Als Konsequenz hat sich Peter Thiel dem evangelikalen Fundamentalismus verschrieben und ist in eine Vorstellungswelt eingetaucht, die zum Beispiel mit dem Auftreten des «Antichristen» und seinen Helfershelfern den Europäern kaum zugänglich ist. Aber Thiel hat nicht nur J. D. Vance stark beeinflusst, sondern auch eine Reihe anderer in der Entourage von Donald Trump. Trump selber dürfte diese Überzeugungen eher oberflächlich angenommen haben.

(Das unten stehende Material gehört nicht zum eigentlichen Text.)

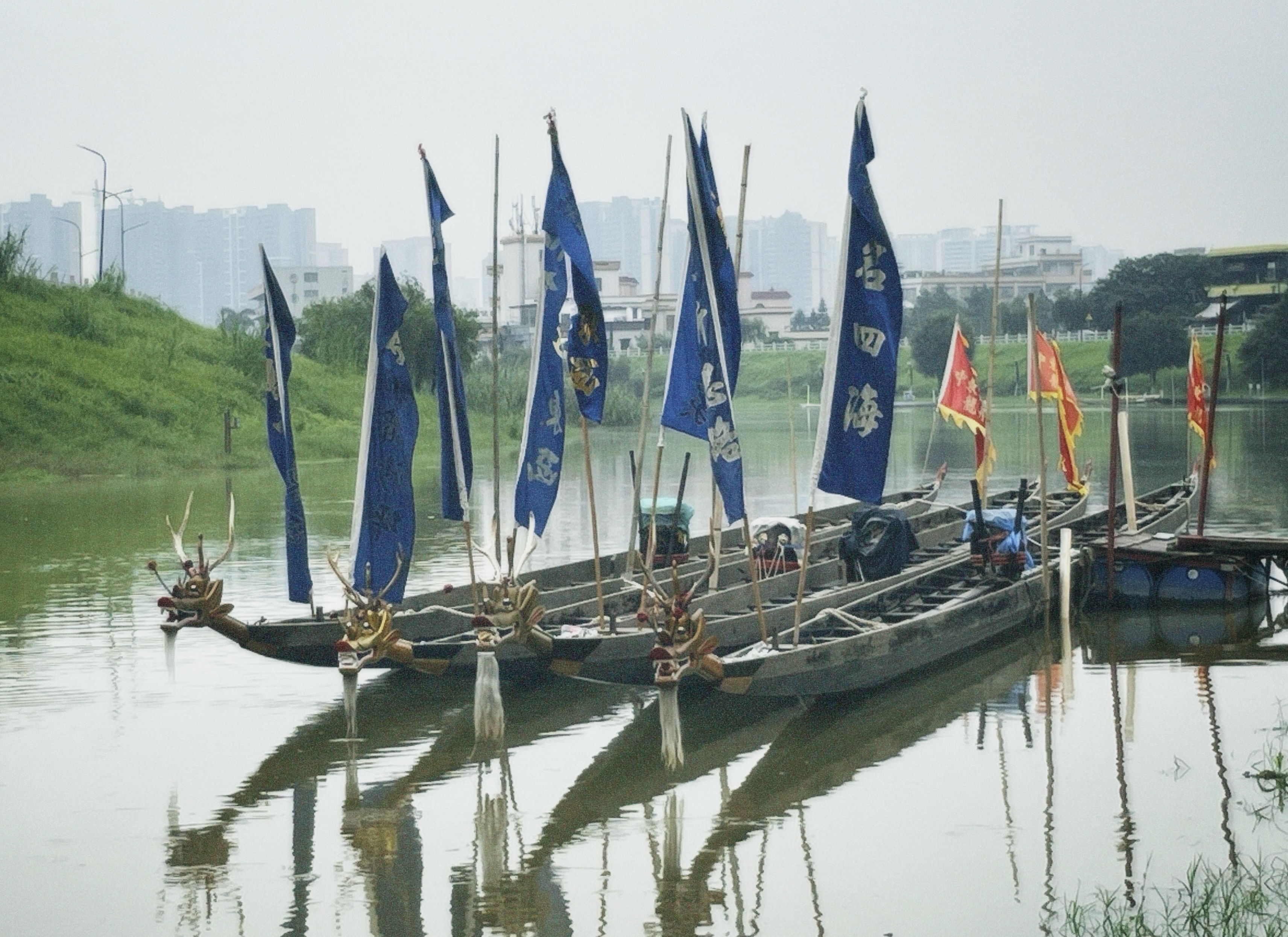 停靠在江边的龙舟
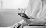 Woman hand using smartphone and show technology icon social media. Concept social network.

Der Fundamentalismus um Donald Trump stammt also nicht aus dem Bible Belt Amerikas, sondern aus den Zentren der Wissenschaft, des Hightech und des ganz grossen Geldes. Wenn vom grossen Endkampf gegen das Auftauchen des «Antichristen» die Rede ist, dann lässt sich das nicht als ein eher folkloristisches Phänomen abtun, das über kurz oder lang wieder verschwinden wird. Mit einer berühmten Radierung hat Francisco des Goya 1799 davor gewarnt, die Pfade des vernünftigen Denkens zu verlassen: «Der Schlaf der Vernunft gebiert Ungeheuer.» Heute muss man sagen, dass das Zerbrechen des gemeinsamen vernunftbasierten Codes von Europa und Amerika in seinen Folgen erst noch richtig verstanden werden muss.